Configure a distribution key for a Hologres table - Hologres

If GROUP BY or JOIN operations are frequently performed on your table, or you want to prevent data skew issues, you can configure a distribution key when you create the table. The distribution key helps evenly distribute data on compute nodes. This significantly improves computing and query performance. This topic describes how to configure a distribution key for a Hologres table.

Introduction

In Hologres, the distribution_key property is used to specify the distribution policy of data in tables. After this property is configured, the entries with the same distribution key value are distributed to the same shard.
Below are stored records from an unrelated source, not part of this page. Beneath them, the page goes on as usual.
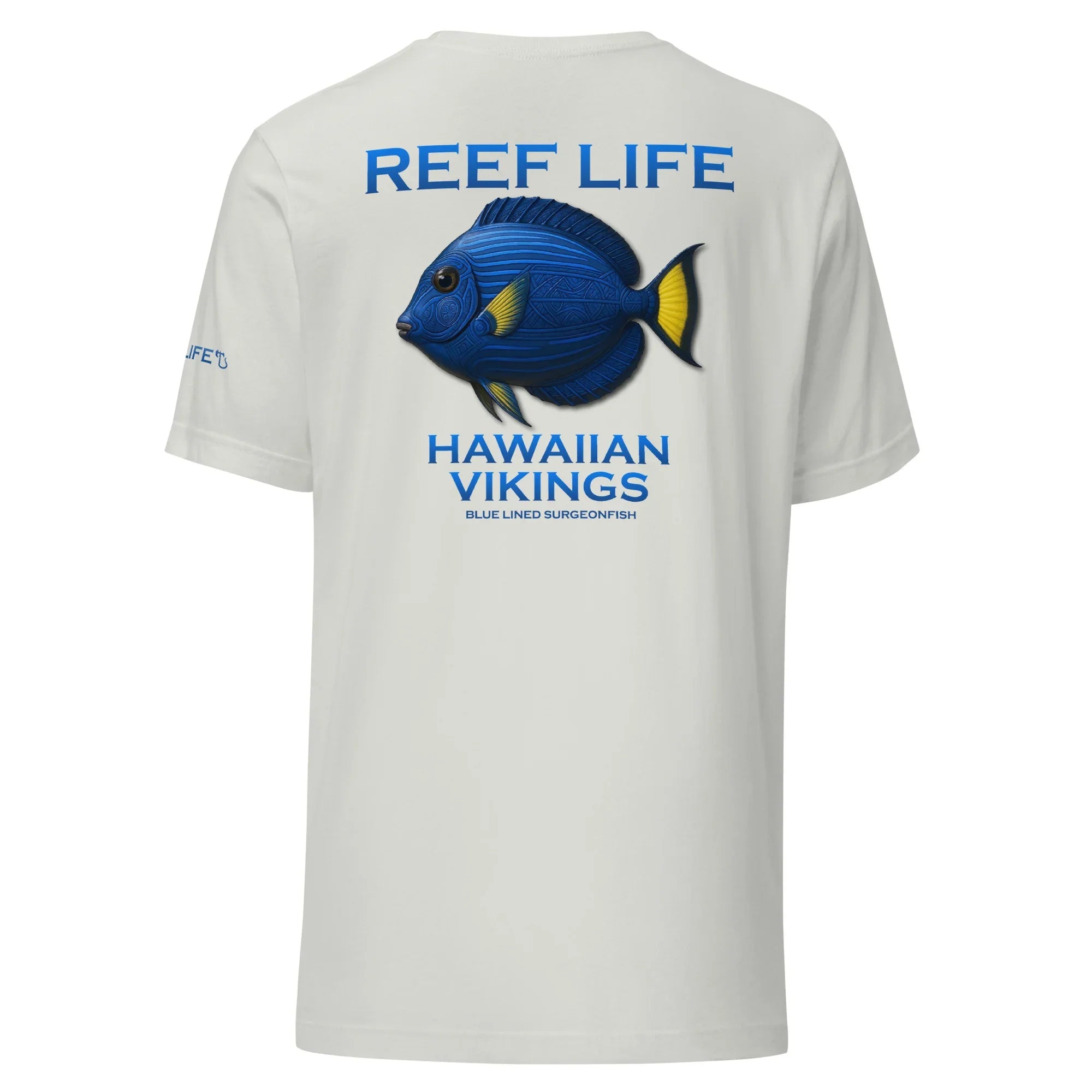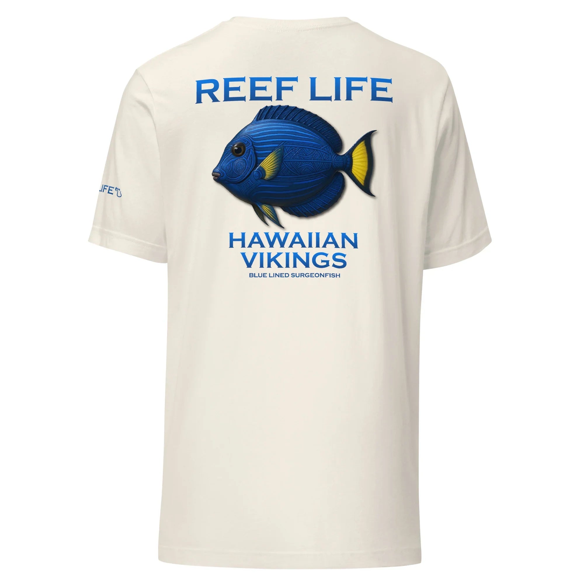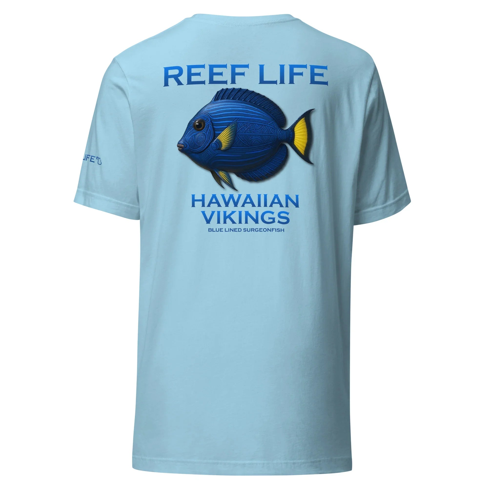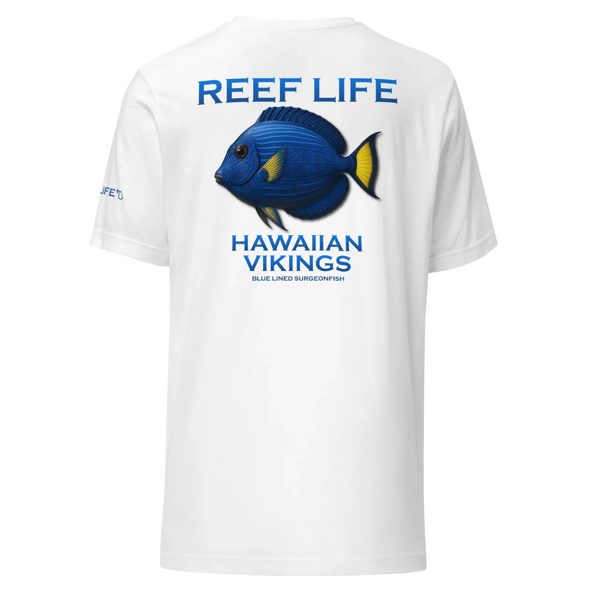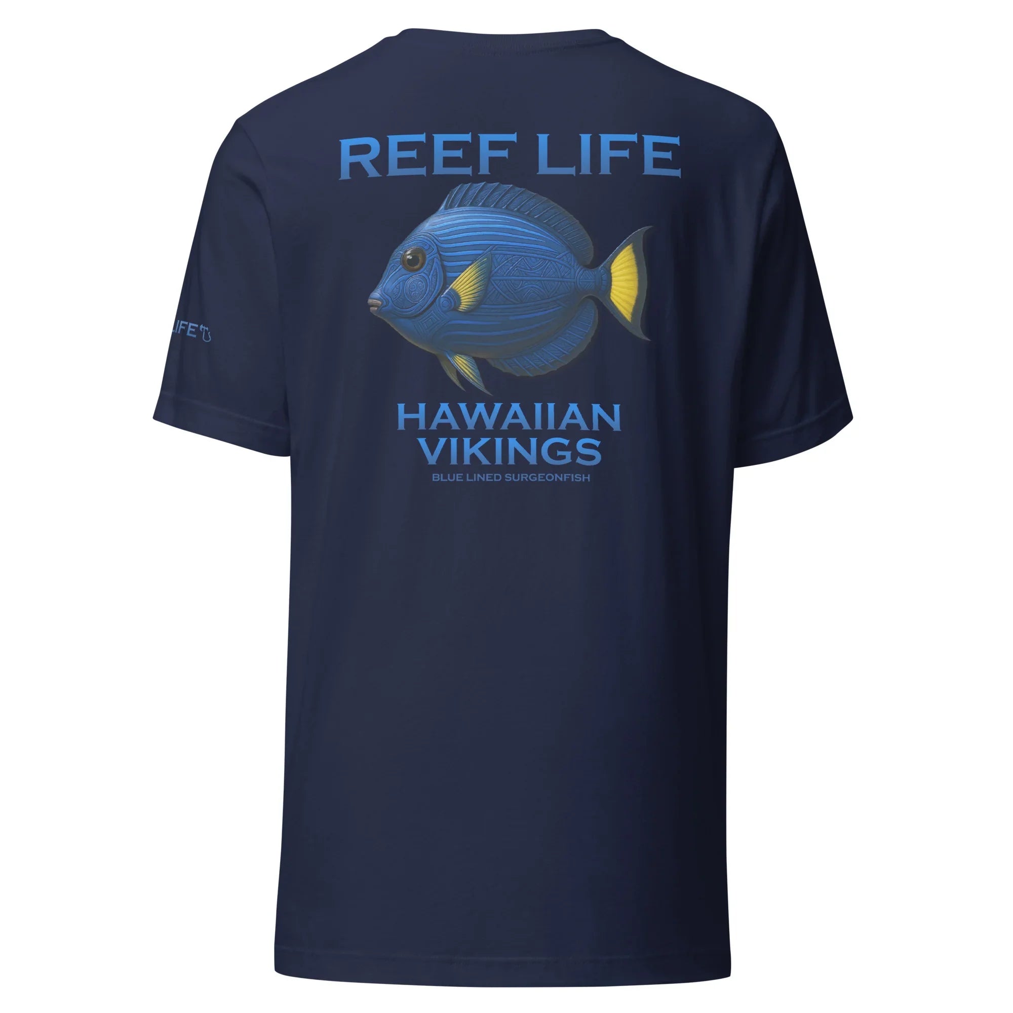 This Reef Life design captures the surgeonfish’s deep ocean blues and vivid yellow accents, enhanced with subtle Hawaiian-inspired linework and Viking-style engraving patterns seamlessly carved into its natural form. The detailing honors both island heritage and warrior craftsmanship without overpowering the fish’s authentic coloration.
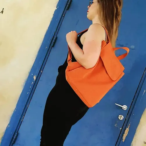 Rucksack woman orange backpack laptop, women vegan backpack, carryall backpack purse, City Backpack, Canvas Rucksack, College Backpack Women
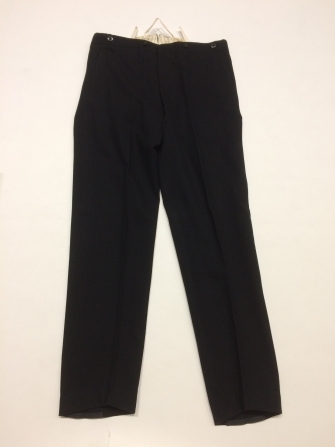 Zwarte lange broek, onderdeel van jaquetkostuum van zwart laken
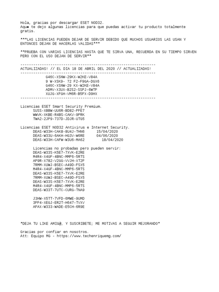 Licencias ESET NOD32 actualizadas [ABRIL 2023] Claves de licencia ESET NOD32 8 - 15 actualizadas 2023 - 2024 gratis scrapywar 1 de enero de 2022Última Actualización: 21 de marzo de 2023 En este sitio siempre encontraras claves de licencias validas para todos los productos de ESET como NOD32 Antivirus para MARZO y todo el 2023 - 2024.

When you create a table, you can use the following syntax to configure the distribution_key property:

-- Syntax supported in Hologres V2.1 and later
CREATE TABLE <table_name> (...) WITH (distribution_key = '[<columnName>[,...]]');

-- Syntax supported in all Hologres versions
BEGIN;
CREATE TABLE <table_name> (...);
call set_table_property('<table_name>', 'distribution_key', '[<columnName>[,...]]');
COMMIT;

The following table describes the parameters in the preceding syntax.

Parameter	Description
table_name	The name of the table for which you want to specify the distribution key.
columnName	The name of the column that you want to specify as the distribution key.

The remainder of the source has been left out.